## What this task involves
Repeat the data exactly, leaving out any image.

## Listed entries
——
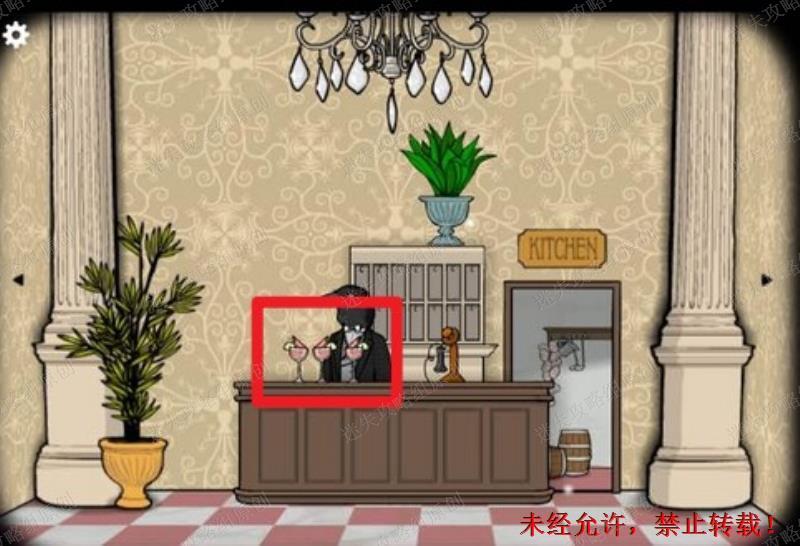 3、首先进入到前台,边上的门去往厨房。前台的五杯“鲜虾鸡尾酒”拿走(这丧心病狂的口味……)。点击乌鸦先生的时候他会说:“欢迎客人们的到来,周到体贴地为他们进行服务。”3
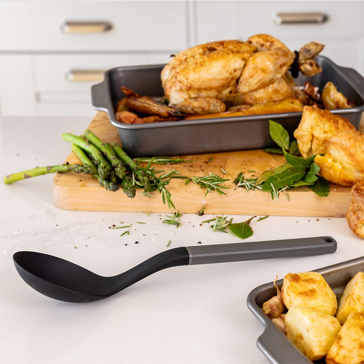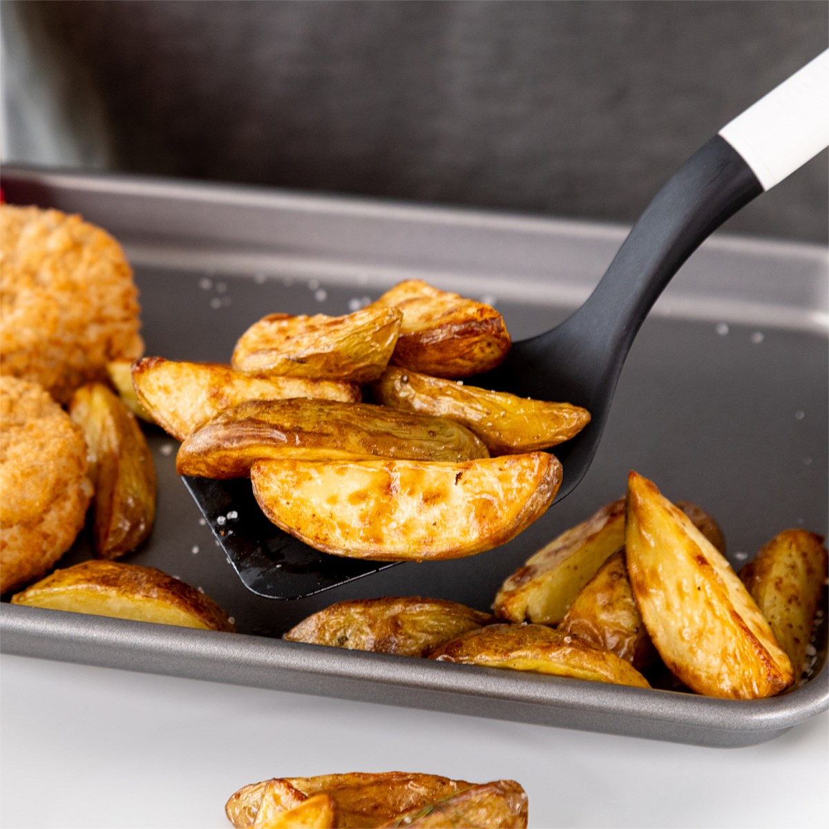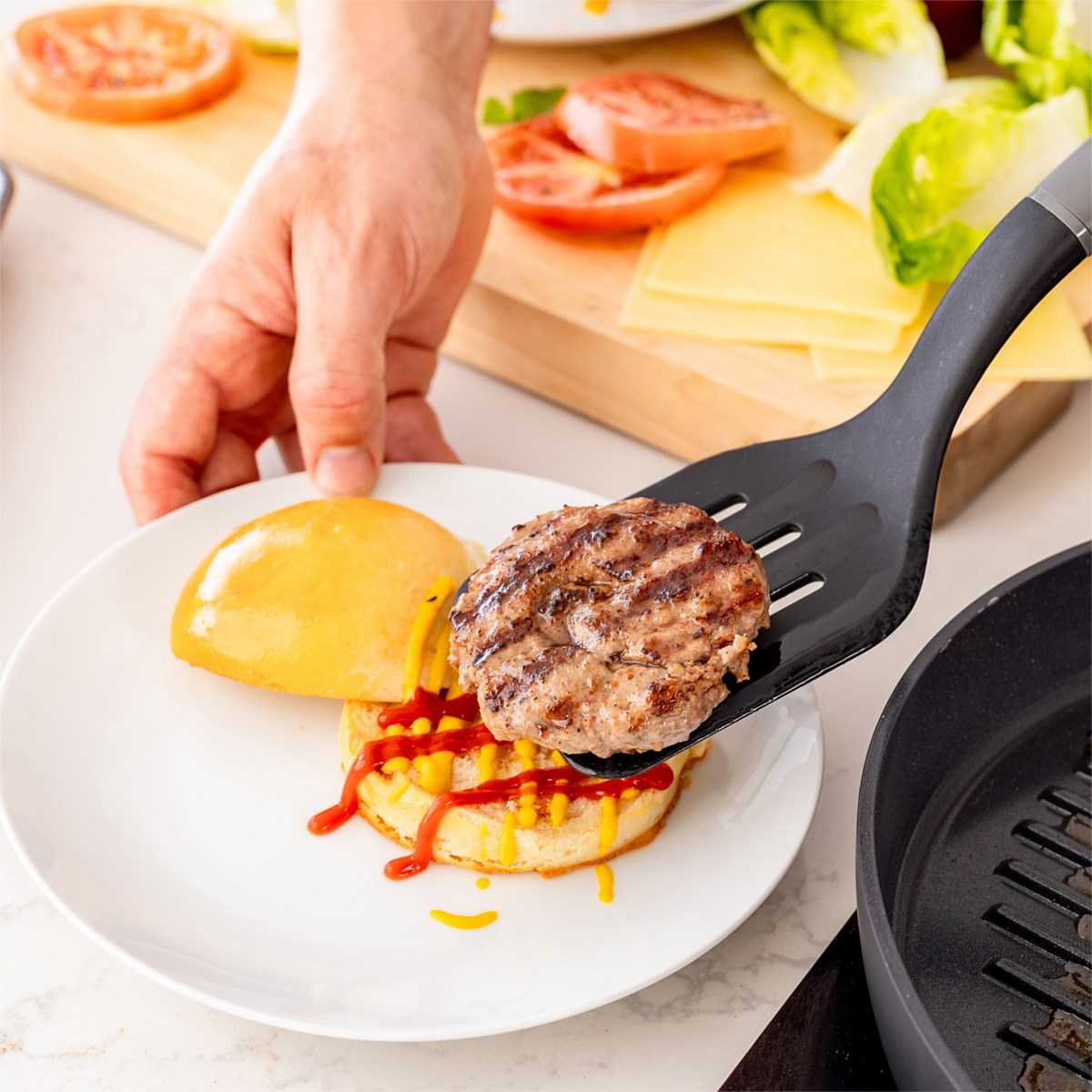 - Premium grade nylon; heat resistant to 232°C/450°F and safe for all cookware, including non-stick.
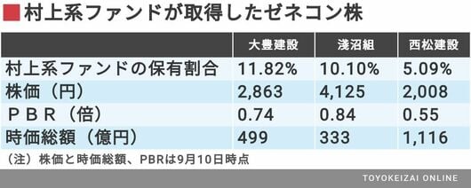 株価が割安な点でも共通する。大豊建設の9月8日時点の株価は2794円。PBR0.73倍で、時価総額487億円にすぎない。西松建設は株価1993円、PBR0.55倍で、時価総額は1107億円。淺沼組は株価4270円、PBR0.87倍、時価総額344億円だ。村上系ファンドにとっては、現預金が豊富で割安となれば”狙いやすい水準”と言える。
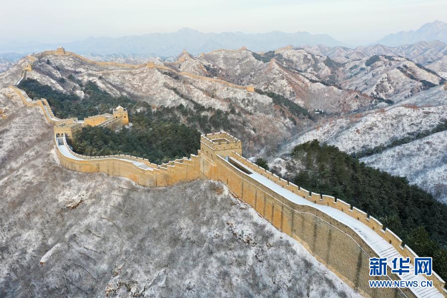 這是3月1日在河北承德境內拍攝的金山嶺長城雪景(無人機照片)。新華社發(周萬平 攝)
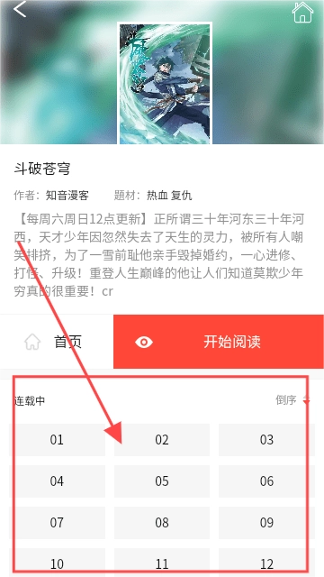 点击斗破苍穹,进入详情界面,然后再如图所示的位置即可查看目录
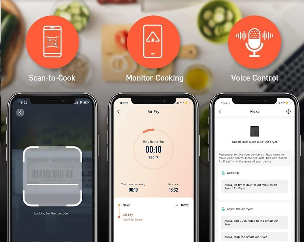 S horkovzdušnou fritézou COSORI CAF-P583S SMART si můžete užít vaše oblíbená smažená jídla bez výčitek, protože na rozdíl od běžného smažení nebo fritování je v této horkovzdušné fritéze možné připravovat jídla za použití velice malého množství oleje nebo vůbec žádného. Patentovaná technologie THERMO IQ 360° HEAT CIRCULATION přesně reguluje teplotu inteligentním teplotním algoritmem a zajišťuje tak rovnoměrně uvařené jídlo bez nutnosti jeho protřepání nebo překlápění. Kombinace cirkulujícího horkého vzduchu, dokonalé teploty vaření a chytrých programů zajistí, že hranolky budou vždy krásně křupavé a kuřecí stehna šťavnatá. Programy si můžete rychle a pohodlně nastavit také přes smartphone nebo Amazon Alexa a Google Assistant. Až budete mít hotovo, čištění bude stejně snadné díky nepřilnavému koši, který lze mýt v myčce. Díky veliké nádobě s objemem 6,4l navíc dokážete rychle navařit i pro větší rodinu nebo skupinu hostů.
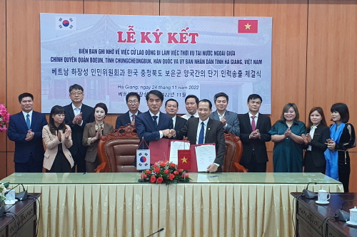 최재형 보은군수는 지난 23일부터 28일까지 4박 6일간의 일정으로 베트남 하장성(성장 응웬 반 선)을 방문해 농촌 인력난 해소를 위한 외국인 계절근로자 도입 업무협약(이하 MOU)을 체결했다고 28일 밝혔다.
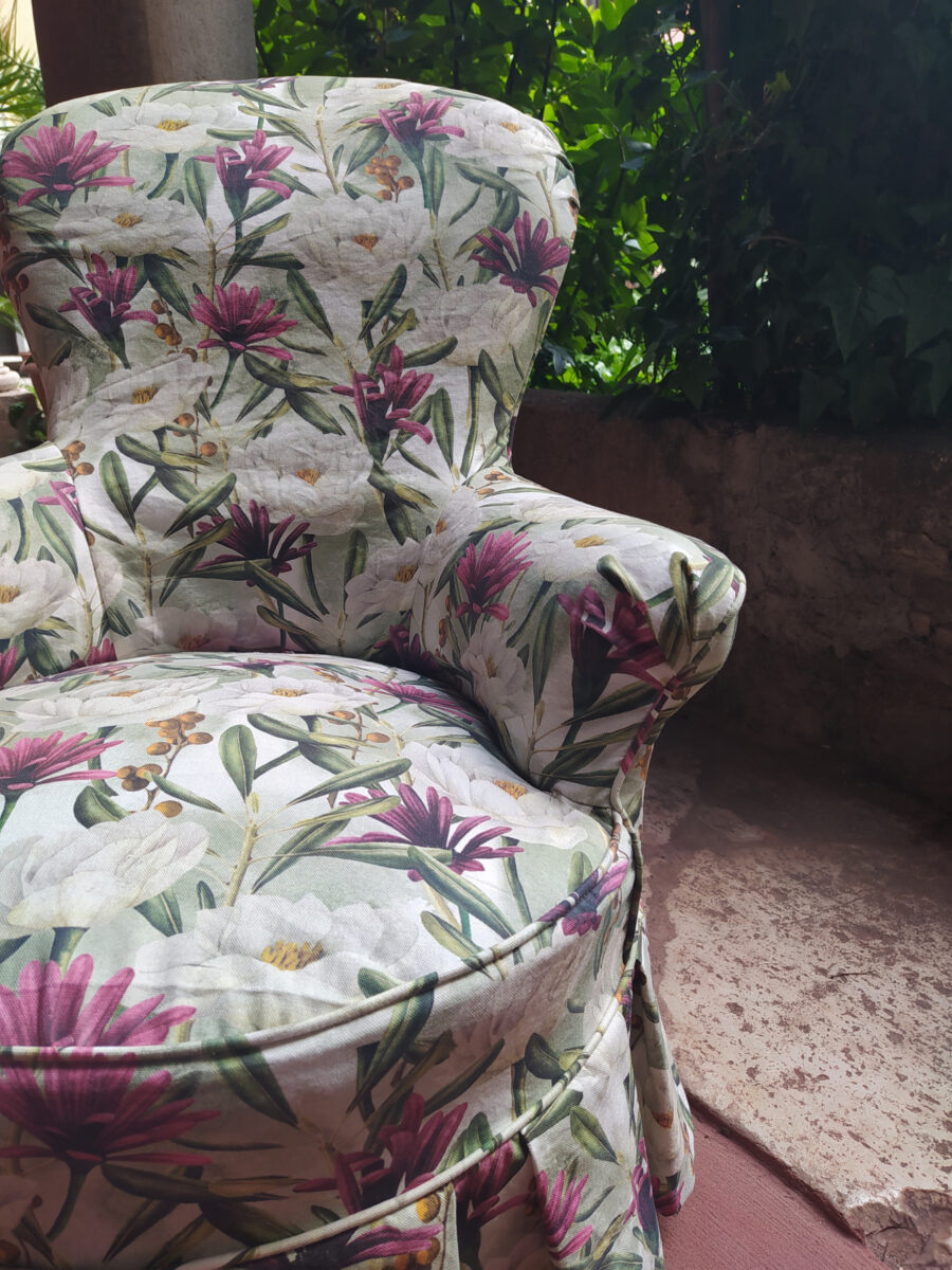 Il rivestimento sfoderabile per poltrona nonnina permette di trasformare una seduta classica in un complemento romantico e attuale. In questo progetto abbiamo scelto il tessuto Fiori Begonia, disponibile in collezione, per valorizzare le linee morbide di questa piccola poltrona da camera.
——
## Exercise output
 3、首先进入到前台,边上的门去往厨房。前台的五杯“鲜虾鸡尾酒”拿走(这丧心病狂的口味……)。点击乌鸦先生的时候他会说:“欢迎客人们的到来,周到体贴地为他们进行服务。”3
 - Premium grade nylon; heat resistant to 232°C/450°F and safe for all cookware, including non-stick.
 株価が割安な点でも共通する。大豊建設の9月8日時点の株価は2794円。PBR0.73倍で、時価総額487億円にすぎない。西松建設は株価1993円、PBR0.55倍で、時価総額は1107億円。淺沼組は株価4270円、PBR0.87倍、時価総額344億円だ。村上系ファンドにとっては、現預金が豊富で割安となれば”狙いやすい水準”と言える。
 這是3月1日在河北承德境內拍攝的金山嶺長城雪景(無人機照片)。新華社發(周萬平 攝)
 点击斗破苍穹,进入详情界面,然后再如图所示的位置即可查看目录
 S horkovzdušnou fritézou COSORI CAF-P583S SMART si můžete užít vaše oblíbená smažená jídla bez výčitek, protože na rozdíl od běžného smažení nebo fritování je v této horkovzdušné fritéze možné připravovat jídla za použití velice malého množství oleje nebo vůbec žádného. Patentovaná technologie THERMO IQ 360° HEAT CIRCULATION přesně reguluje teplotu inteligentním teplotním algoritmem a zajišťuje tak rovnoměrně uvařené jídlo bez nutnosti jeho protřepání nebo překlápění. Kombinace cirkulujícího horkého vzduchu, dokonalé teploty vaření a chytrých programů zajistí, že hranolky budou vždy krásně křupavé a kuřecí stehna šťavnatá. Programy si můžete rychle a pohodlně nastavit také přes smartphone nebo Amazon Alexa a Google Assistant. Až budete mít hotovo, čištění bude stejně snadné díky nepřilnavému koši, který lze mýt v myčce. Díky veliké nádobě s objemem 6,4l navíc dokážete rychle navařit i pro větší rodinu nebo skupinu hostů.
 최재형 보은군수는 지난 23일부터 28일까지 4박 6일간의 일정으로 베트남 하장성(성장 응웬 반 선)을 방문해 농촌 인력난 해소를 위한 외국인 계절근로자 도입 업무협약(이하 MOU)을 체결했다고 28일 밝혔다.
 Il rivestimento sfoderabile per poltrona nonnina permette di trasformare una seduta classica in un complemento romantico e attuale. In questo progetto abbiamo scelto il tessuto Fiori Begonia, disponibile in collezione, per valorizzare le linee morbide di questa piccola poltrona da camera.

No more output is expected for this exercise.